# EXERCISE DATA:
-=-=-=-=-
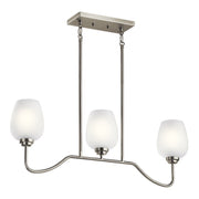 Inspired by the elegant and sleek design of a wine goblet, the 3-light linear chandelier from the Valserrano™ collection conveys grace and beauty with its sweeping finishes and Satin Etched glass. The Valserrano™ linear chandelier pairs traditional elements with a simple design to create a clean, classic look.
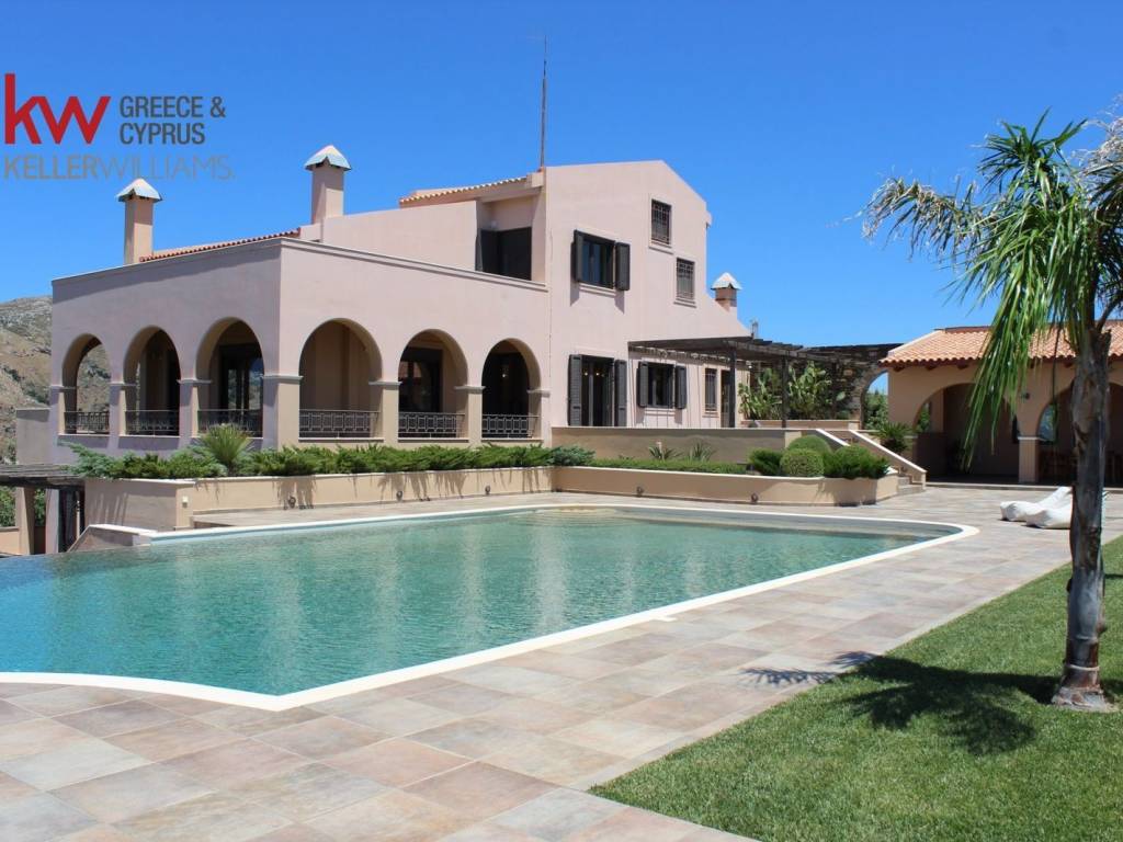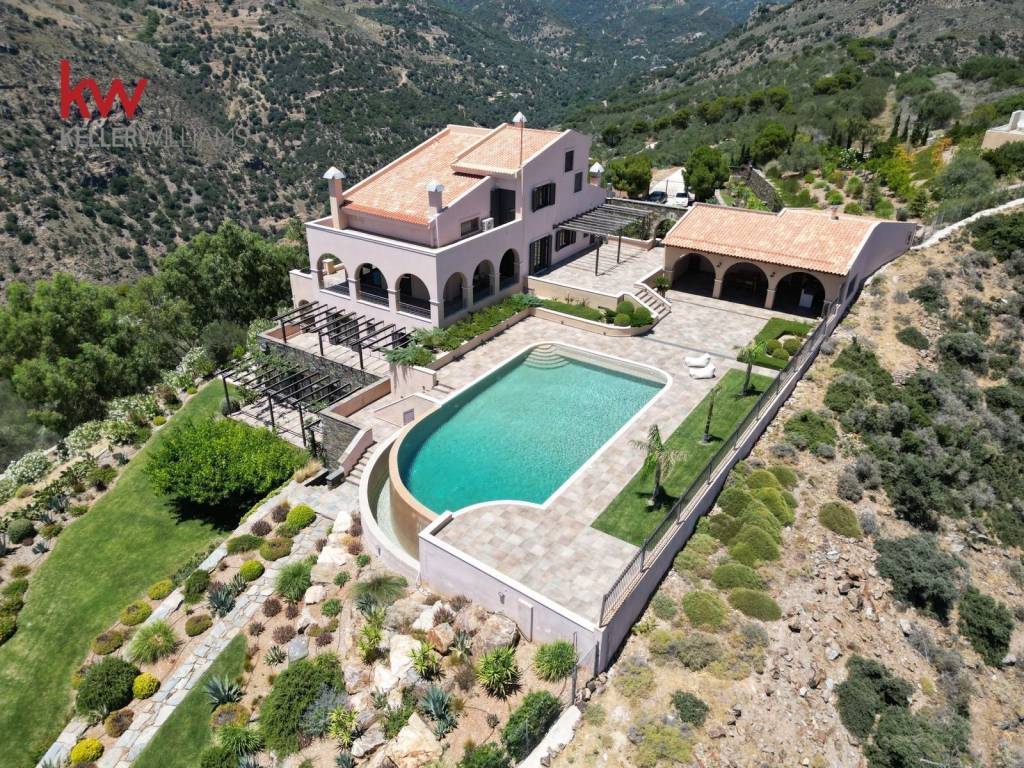 Luxury Villa for Sale EXCLUSIVELY BY KELLER WILLIAMS CRETAN PROPERTIES in Akisares, Sarakina Selinou. In the idyllic area of Sarakina-Selinou, an extraordinary villa combining luxury fully furnished with comfort is offered for sale. This unique residence is situated on a spacious plot of 19,584.82 sq.m. with a total area of 928,84 sq.m.and together with the semi-outdoor spaces it reaches approximately 1,004 sq.m. spread across four levels. Access is provided via a private road due to its location at the peak of Mount Akisares, surrounded mainly by olive trees, offering the most breathtaking unobstructed views of the surrounding area and the Libyan Sea. With a functional and luxurious layout, the villa features 4 levels of different main and auxiliary spaces interconnected by an internal staircase and includes an elevator infrastructure in semi-finished condition. The semi-basement includes indoor parking for two, a gym, a laundry and cleaning area, a boiler room, a central storage area, a cellar, and a a hall intended for sports use (squash etc.). One level up, there are 4 spacious bedrooms each with en-suite bathrooms, a living room, a comfortable office space, an energy-efficient fireplace, and a kitchen, ensuring ultimate comfort for you and your guests. The main entrance leads to the central area featuring a spacious, bright living room with a comfortable dining area and an energy-efficient fireplace offering warmth and coziness, as well as a well-equipped kitchen with an island, internal storage, and side access to the outdoor pool courtyard, providing limitless possibilities for cooking, entertainment, and relaxation. The internal staircase leads to the topmost level where the master bedroom with a loft and a large comfortable bathroom is located, along with an additional bedroom with a WC, offering absolute comfort and privacy. Modern and energy-efficient performance is ensured with external thermal insulation, aluminum frames with double-glazed energy windows, solar water heater, autonomous heating with oil radiators, and the villa's energy fireplaces, while air conditioning provides ultimate comfort throughout the year. Additionally, it includes a ground-floor self-contained apartment featuring an open-plan living and kitchen area with a private fireplace, leading to a private garden, a comfortable bedroom, and a bathroom offering peace, tranquility, and endless sea views. The high aesthetic decoration, construction quality, and excellent condition of the villa evident in all levels of interior and exterior spaces make it an exceptional buying choice, combining traditional aesthetics with modern luxury. The outdoor spaces consist of a protected area for dining, recreation, and relaxation in front of the 135 sq.m. pool, paved courtyards, and impeccably landscaped gardens on different levels, offering a unique view of the sea and mountains with a southern orientation ensuring ample light throughout the day. The distance from the beach of Paleochora is only 6 km, making the location ideal for seaside excursions. The luxury residence is equipped with controlled entry, closed-circuit surveillance cameras, a security door, ensuring your utmost protection. Furthermore, the entire area is supplied with private and autonomous water supply due to a borehole pumping system. This unique villa is the ideal choice for those seeking a luxurious residence with absolute privacy in one of the most beautiful areas of Crete, offering comfort, safety, and stunning views. Don't miss the opportunity to acquire this wonderful property! Sarakina, a picturesque and tranquil area in Pelekanos, Crete, offers a unique opportunity for those seeking ultimate peace and natural beauty. It is located close to Paleochora, one of the most beautiful coastal towns on the island, known for its magnificent beaches and crystal-clear waters. The area is surrounded by lush hills and offers panoramic views of the sea and mountains. The natural beauty of the area is ideal for nature lovers and tranquility seekers, with a Mediterranean climate featuring mild winters and warm summers, making it perfect for year-round living. The traditional village is the perfect destination for those wishing to enjoy Cretan hospitality, traditional culture, and the effortless beauty of the island. It is ideal for those looking for a quiet country residence or an investment in an area with increasing demand and value. Sale Price €2,750,000. For more information and to schedule a visit, please contact the Website: kwcp.gr Phone: +30 6974521524 Email: m.lakiotaki@kwgreece.gr
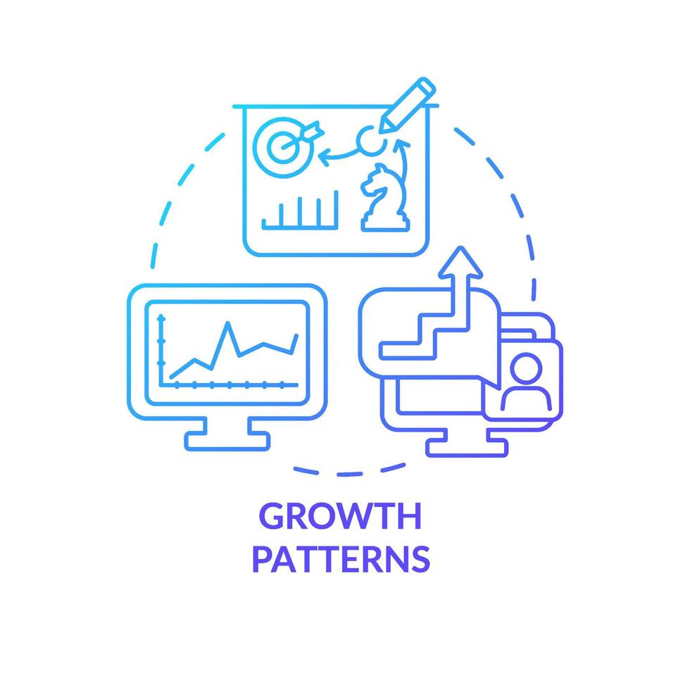 Growth patterns blue gradient concept icon. Performance monitoring abstract idea thin line illustration. Increasing revenue. Isolated outline drawing. Roboto-Medium, Myriad Pro-Bold fonts used Pro Vector and Pro SVG
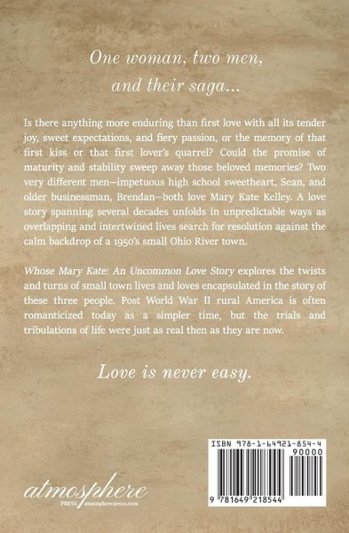 One Woman, Two Men and their saga. Is there anything more enduring than first love with all its tender joy, sweet expectations, and fiery passion, or the memory of that first kiss or that first lover's quarrel? Could the promise of maturity and stability sweep away those beloved memories? Two very different men-impetuous high school sweetheart, Sean, and older businessman, Brendan-both love Mary Kate Kelley. A love story spanning several decades unfolds in unpredictable ways as overlapping and intertwined lives search for resolution against the calm backdrop of a 1950's small Ohio River town. Whose Mary Kate: An Uncommon Love Story explores the twists and turns of small town lives and loves encapsulated in the story of these three people. Post World War II rural America is often romanticized today as a simpler time, but the trials and tribulations of life were just as real then as they are now. Love is never easy.
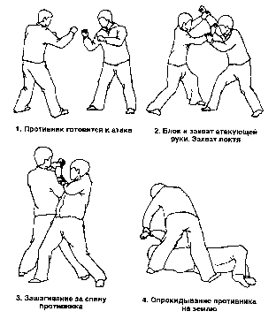 Противник атакует правым кулаком. Вы уклоняетесь от удара, делая шаг левой ногой в сторону. Выполните блок левой рукой и захватите запястье руки оппонента. Своей правой кистью схватите атакующую руку противника возле локтя снизу. Теперь сделайте шаг вперед, и, выворачивая руку оппонента, тяните ее вперед и вниз. Это приведет к опрокидыванию противника на землю. Сгибание руки, вытягивание и выворачивание наружу
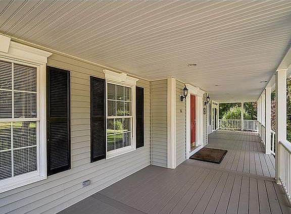 Stunning Farmhouse Colonial w/hip roof at the end of Cul de Sac. Great commuter location, close to I-84, located in the Region 15 school system. Walking distance to Pomperaug High School. Freshly painted inside and fresh hardwood flooring throughout. Open concept kitchen with granite leads to 700 SF main level great room with vaulted ceilings, hardwood floors, and gas fireplace. Formal DR leads thru French Door to 4 seasons sunroom and oversized wrap around porch, with maintenance free composite and vinyl. All bedrooms boast hardwood floors. Master BR has tray ceiling, generous walk in closet, and luxurious bath with whirlpool, cherry vanity and granite top. Over 2 3/4 acres with so many possibilities. Don't forget central vacuum system.
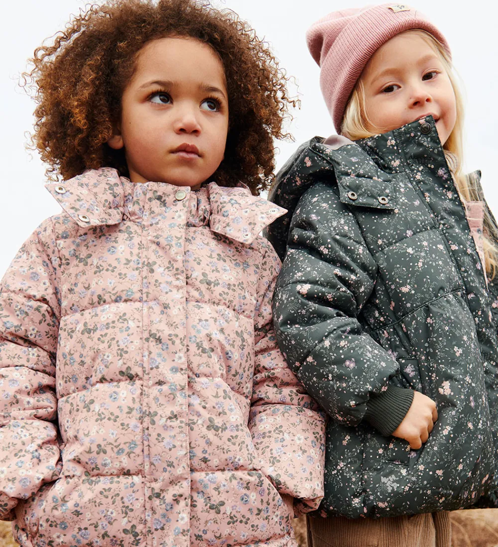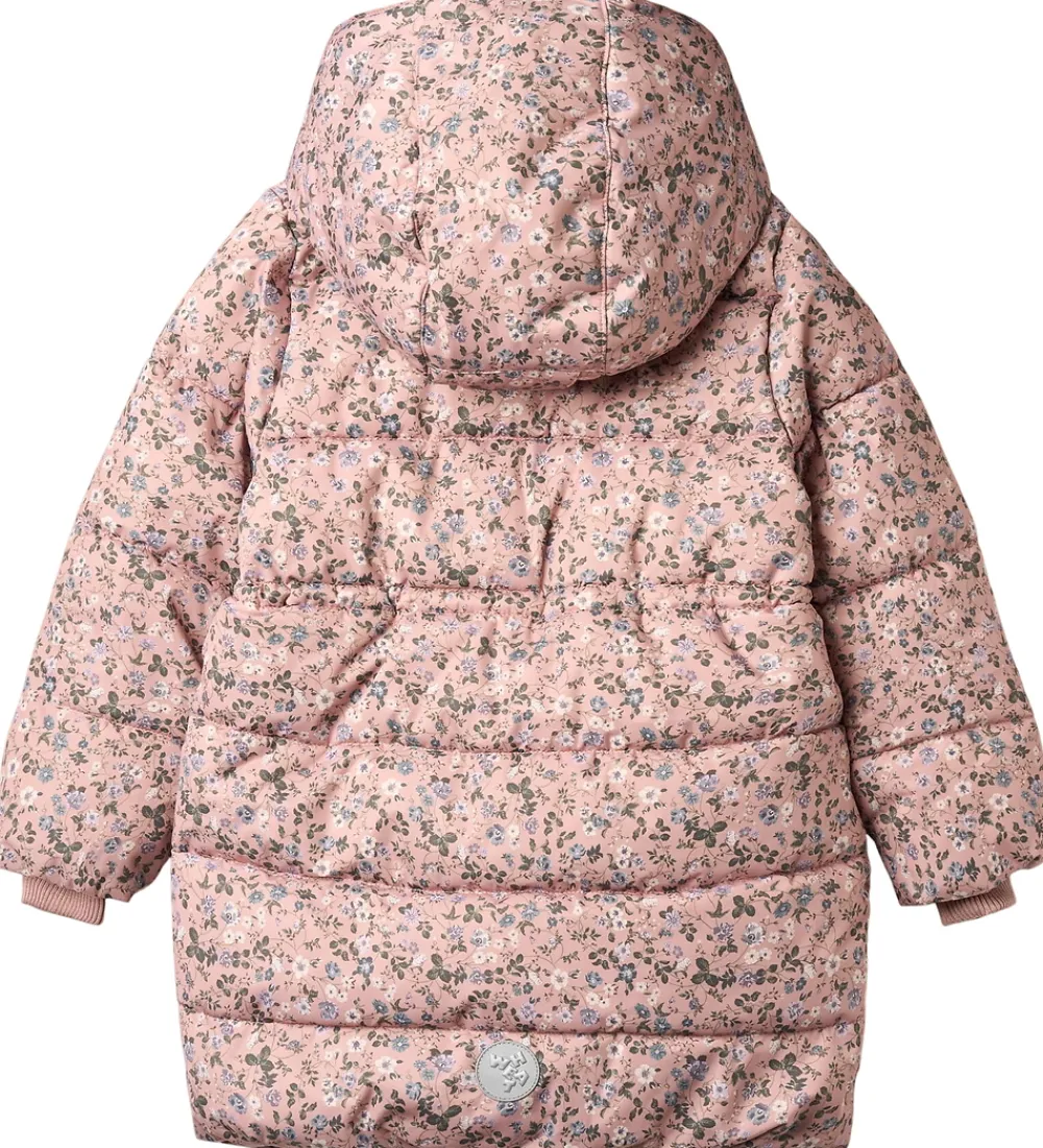 Lækker Wheat dynejakke i rosa med et alloverblomsterprint i lilla, blå, hvide og grønne farver. Dynejakken har vandrette syninger.
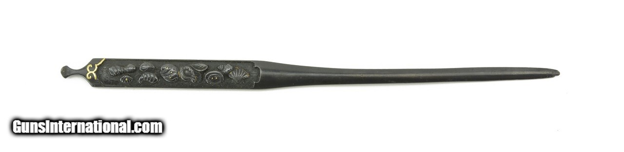 Description: "Kinko Kogai. Shakudo with various sea shells with gold highlights. Unusual subject matter in high relief on stone ground. This Kogai is near excellent overall condition with some very tiny nicks on the reverse. Unsigned. SOLD |
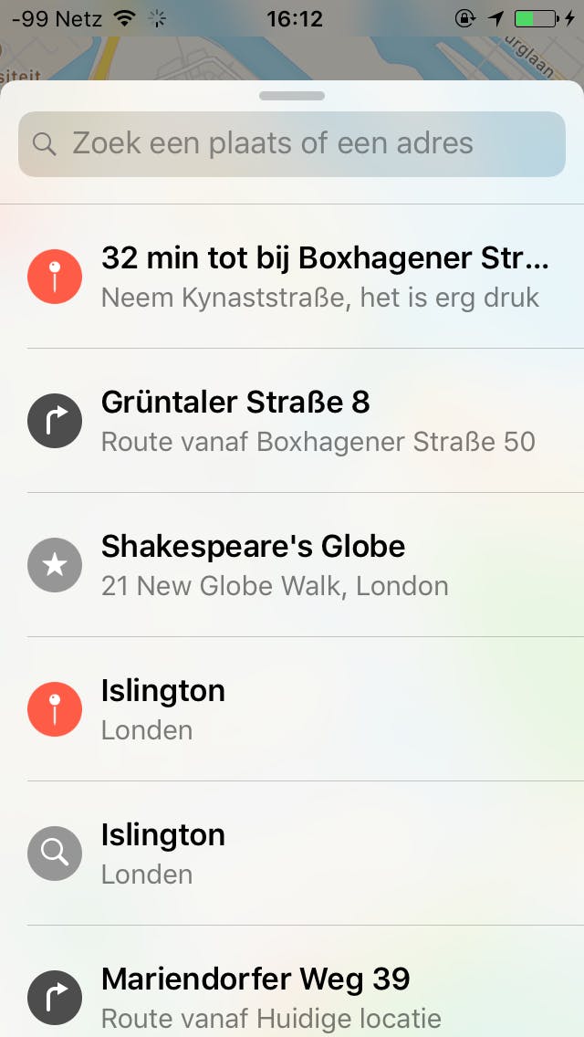 De Kaarten-app ziet er iets anders uit dan je gewend bent. Vanaf nu zitten alle navigatie-knoppen aan de onderkant. Wil je iets doen in de app, dan veeg je omhoog om alle opties in te zien. Hier vind je onder andere adressen die je de laatste tijd vaak hebt bezocht.
-=-=-=-=-
The lines above starting at the one that holds "Growth patterns blue" and ending at the one that holds "Противник атакует правым" are to be written out exactly, ends included, and no pictures are to be copied.

# SOLVED EXERCISE:
 Growth patterns blue gradient concept icon. Performance monitoring abstract idea thin line illustration. Increasing revenue. Isolated outline drawing. Roboto-Medium, Myriad Pro-Bold fonts used Pro Vector and Pro SVG
 One Woman, Two Men and their saga. Is there anything more enduring than first love with all its tender joy, sweet expectations, and fiery passion, or the memory of that first kiss or that first lover's quarrel? Could the promise of maturity and stability sweep away those beloved memories? Two very different men-impetuous high school sweetheart, Sean, and older businessman, Brendan-both love Mary Kate Kelley. A love story spanning several decades unfolds in unpredictable ways as overlapping and intertwined lives search for resolution against the calm backdrop of a 1950's small Ohio River town. Whose Mary Kate: An Uncommon Love Story explores the twists and turns of small town lives and loves encapsulated in the story of these three people. Post World War II rural America is often romanticized today as a simpler time, but the trials and tribulations of life were just as real then as they are now. Love is never easy.
 Противник атакует правым кулаком. Вы уклоняетесь от удара, делая шаг левой ногой в сторону. Выполните блок левой рукой и захватите запястье руки оппонента. Своей правой кистью схватите атакующую руку противника возле локтя снизу. Теперь сделайте шаг вперед, и, выворачивая руку оппонента, тяните ее вперед и вниз. Это приведет к опрокидыванию противника на землю. Сгибание руки, вытягивание и выворачивание наружу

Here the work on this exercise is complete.